- Developer: Firaxis Games
- Publisher: Infogrames Interactive
- Series: Civilization
- Platform: Windows
- Release: NA: October 29, 2002; UK: November 29, 2002;
- Genre: Turn-based strategy
- Modes: Single-player, multiplayer

= Civilization III: Play the World =

Civilization III: Play the World is the first expansion pack for Civilization III, released in October 2002. Play the World added more civilizations, a new multiplayer feature, new Wonders of the World, new units and new game modes, including: elimination, regicide, and capture the flag.

==Gameplay==
One of the major features of Play the World was a "turnless game mode", a new concept never used in the previous versions of the Civilization series. The game mode allowed a mixture of turn-based and real time gameplay. In practice, this rarely worked as intended and many online players experienced "Out of sync" problems along with others. Little support from Firaxis and the sundry other problems resulted in the gamemode not returning in Civilization IV.

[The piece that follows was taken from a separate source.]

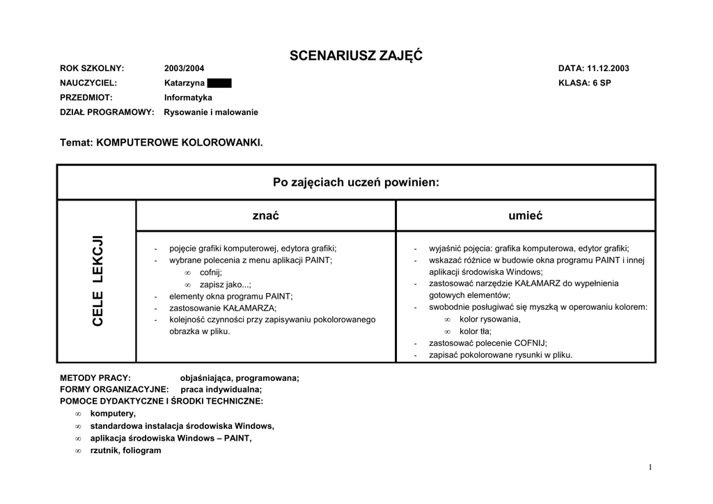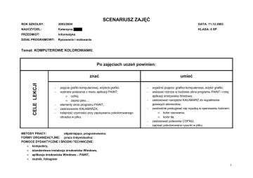 SCENARIUSZ ZAJĘĆ ROK SZKOLNY: 2003/2004 DATA: 11.12.2003 NAUCZYCIEL: Katarzyna Pęksa KLASA: 6 SP PRZEDMIOT: Informatyka DZIAŁ PROGRAMOWY: Rysowanie i malowanie Temat: KOMPUTEROWE KOLOROWANKI. Po zajęciach uczeń powinien: CELE LEKCJI znać - - pojęcie grafiki komputerowej, edytora grafiki; wybrane polecenia z menu aplikacji PAINT; • cofnij; • zapisz jako...; elementy okna programu PAINT; zastosowanie KAŁAMARZA; kolejność czynności przy zapisywaniu pokolorowanego obrazka w pliku. umieć - - wyjaśnić pojęcia: grafika komputerowa, edytor grafiki; wskazać różnice w budowie okna programu PAINT i innej aplikacji środowiska Windows; zastosować narzędzie KAŁAMARZ do wypełnienia gotowych elementów; swobodnie posługiwać się myszką w operowaniu kolorem: • kolor rysowania, • kolor tła; zastosować polecenie COFNIJ; zapisać pokolorowane rysunki w pliku. METODY PRACY: objaśniająca, programowana; FORMY ORGANIZACYJNE: praca indywidualna; POMOCE DYDAKTYCZNE I ŚRODKI TECHNICZNE: • komputery, • standardowa instalacja środowiska Windows, • aplikacja środowiska Windows – PAINT, • rzutnik, foliogram 1 CZĘŚCI LEKCJI OGNIWA Wstępna Główna CZYNNOŚCI UCZNIA DOCELOWE ZADANIA CZYNNOŚCI NAUCZYCIELA OCENA ŚRODKI SKUTECZ DYDAKTYCZNE NOŚCI Wprowadzenie wiadomości Zapisuje temat lekcji. Omawia cele lekcji i podaje temat; Środowisko Windows 95 Poznanie pojęć: grafiki komputerowej, edytora grafiki. Poznaje pojęcia grafiki komputerowej: Omawia, wyjaśnia pojęcie: grafika Edytor grafiki Paint Grafika komputerowa – to wszystkie obrazy stworzone za pomocą komputera i przeznaczone do wykorzystania w komputerze. komputerowa. Poznaje pojęcie edytora grafiki i jego przeznaczenie: Wyjaśnia pojęcie edytora grafiki i jego przeznaczenie. Edytor grafiki - to program służący do rysowania, malowania i obróbki prac za pomocą komputera. Omawia elementy okna wybranego edytora grafiki, szczególnie te, które nie wystąpiły w poznanych wcześniej aplikacjach. Wskazuje i omawia poszczególne elementy oka programu graficznego. Uruchamia wskazany edytor grafiki: wykonuje polecenie START – PROGRAMY – AKCESORIA – PAINT. Poleca uruchomić program. Poznanie narzędzia do kolorowania – KAŁAMARZA. Poznaje narzędzie do wypełniania kolorem gotowych elementów – KAŁAMARZ. Omawia sposób stosowania narzędzia KAŁAMARZ. Poznanie opcji koloru rysowania i koloru tła oraz Poznają sposób wyboru kolorów rysowania i tła, (kolor pierwszo i drugoplanowy.) Poznanie okna edytora grafiki. foliogram Załącznik nr 1 Załącznik nr 2 2 roli przycisków myszki w operowaniu kolorem rysowania i kolorem tła Omawiają rolę przycisków myszki w operowaniu kolorem rysowania i kolorem tła. Omawia rolę prawego Załącznik nr 3 i lewego przycisku myszy w operowaniu kolorem rysowania i tła. Otwieranie gotowych rysunków z pliku Otwiera z pomocą nauczyciela gotowe rysunki i wypełnia je kolorem stosując KAŁAMARZ. Poleca otworzyć rysunki z pliku i pokolorować je. Operacja „COFNIJ” Anuluje ostatnio wykonywaną operację, aby zmienić kolor zamalowanego elementu. Omawia operację „cofnij”. Zapisywanie pokolorowanych rysunków w pliku. Zapisuje pokolorowane rysunki w pliku. Poleca zapisać pokolorowane rysunki w pliku. Końcowa Utrwalenie wiadomości Krótkie przypomnienie wiadomości zdobytych na lekcji. Dysk C:/pulpit/ Kolorowanki Omawia pracę uczniów na lekcji. 3 ANKIETA OCENIAJĄCA LEKCJĘ 1. Lekcja podobała mi się: tak nie 2. Lekcja była prowadzona w sposób jasny i przejrzysty: tak raczej tak nie 3. Informacje podawane były w tempie: odpowiednim za szybko za wolno 4. Nauczyciel wyjaśniał mi na bieżąco treści, których nie rozumiałem: tak raczej tak nie 5. Praca, którą wykonywałem w klasie była dla mnie: łatwa trudna przeciętnie trudna 4 ANKIETA OCENIAJĄCA LEKCJĘ ANKIETA OCENIAJĄCA LEKCJĘ 1. Lekcja podobała mi się: 1. Lekcja podobała mi się: tak nie 2. Lekcja była prowadzona w sposób jasny i przejrzysty: tak raczej tak nie tak nie 2. Lekcja była prowadzona w sposób jasny i przejrzysty: tak raczej tak nie 3. Informacje podawane były w tempie: 3. Informacje podawane były w tempie: odpowiednim za szybko za wolno odpowiednim za szybko za wolno 4. Nauczyciel wyjaśniał mi na bieżąco treści, których nie rozumiałem: tak raczej tak nie 5. Praca, którą wykonywałem w klasie była dla mnie: łatwa trudna przeciętnie trudna 4. Nauczyciel wyjaśniał mi na bieżąco treści, których nie rozumiałem: tak raczej tak nie 5. Praca, którą wykonywałem w klasie była dla mnie: łatwa trudna przeciętnie trudna 5

Play the World can also be found on Civilization III: Gold which includes the original Civilization III and Play the World. Civilization III: Play the World is also found in the Civilization III: Conquests expansion.

==Reception==
Play the World was generally poorly received. The main feature, its online multiplayer, was extremely buggy and slow. Computer Gaming World labeled the game as a "train wreck", giving it one out of five stars. GameSpot named it the most disappointing computer game of 2002.